TASK PROMPT: Output the lines from the one containing "Diamond shaped drop" through the last line of the material below, exactly; please do not include pictures.

EXERCISE DATA:
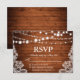 Rustic Wedding Wood String Lights Lace RSVP Card
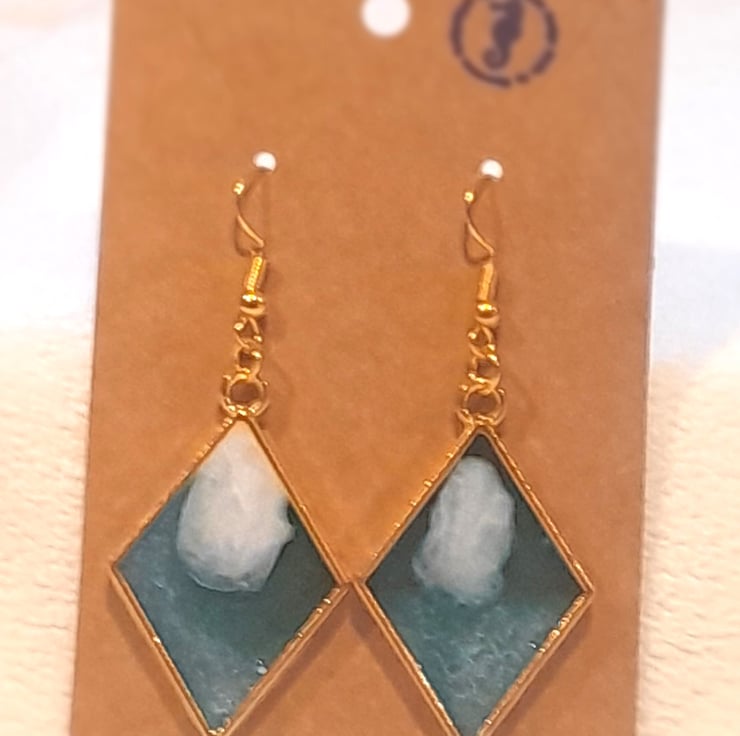Diamond shaped drop earrings filled with blue and white resin to resemble breaking waves.
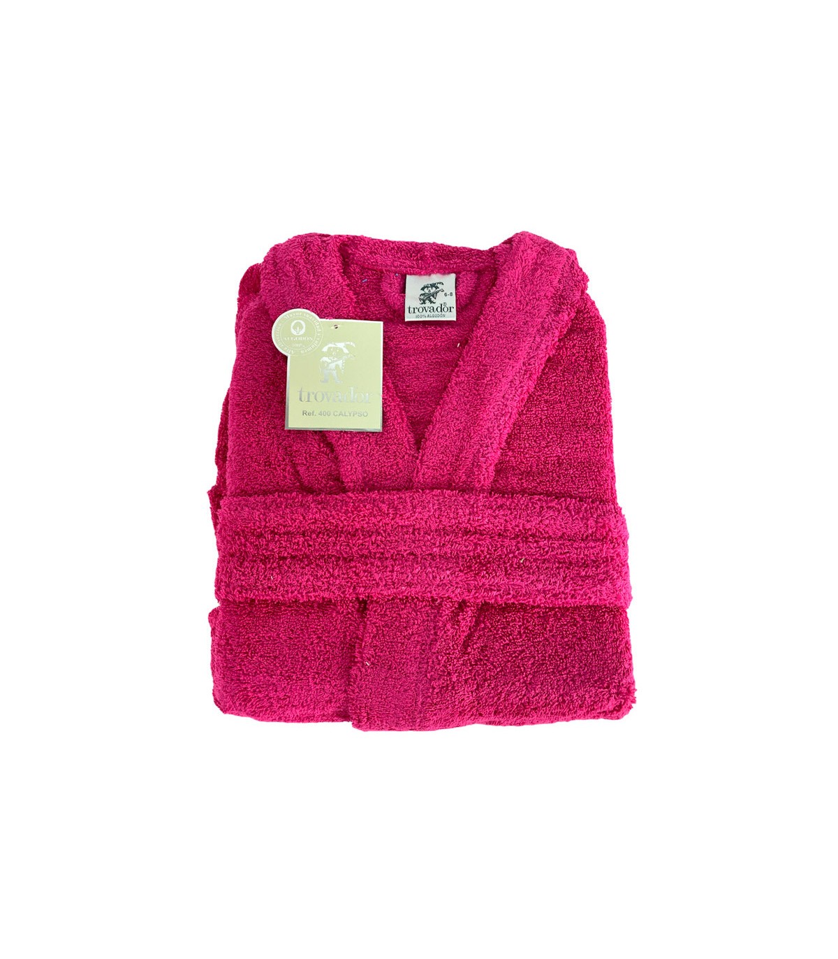 Albornoz para niño con capucha, modelo Calypso de la marca TROVADOR.  Tiene cuello smoking con capucha, dos bolsillos y cinturón para ajustar a la cintura.  Tejido con un alto poder de absorción y tacto extra suave.

TASK RESPONSE:
Diamond shaped drop earrings filled with blue and white resin to resemble breaking waves.
 Albornoz para niño con capucha, modelo Calypso de la marca TROVADOR.  Tiene cuello smoking con capucha, dos bolsillos y cinturón para ajustar a la cintura.  Tejido con un alto poder de absorción y tacto extra suave.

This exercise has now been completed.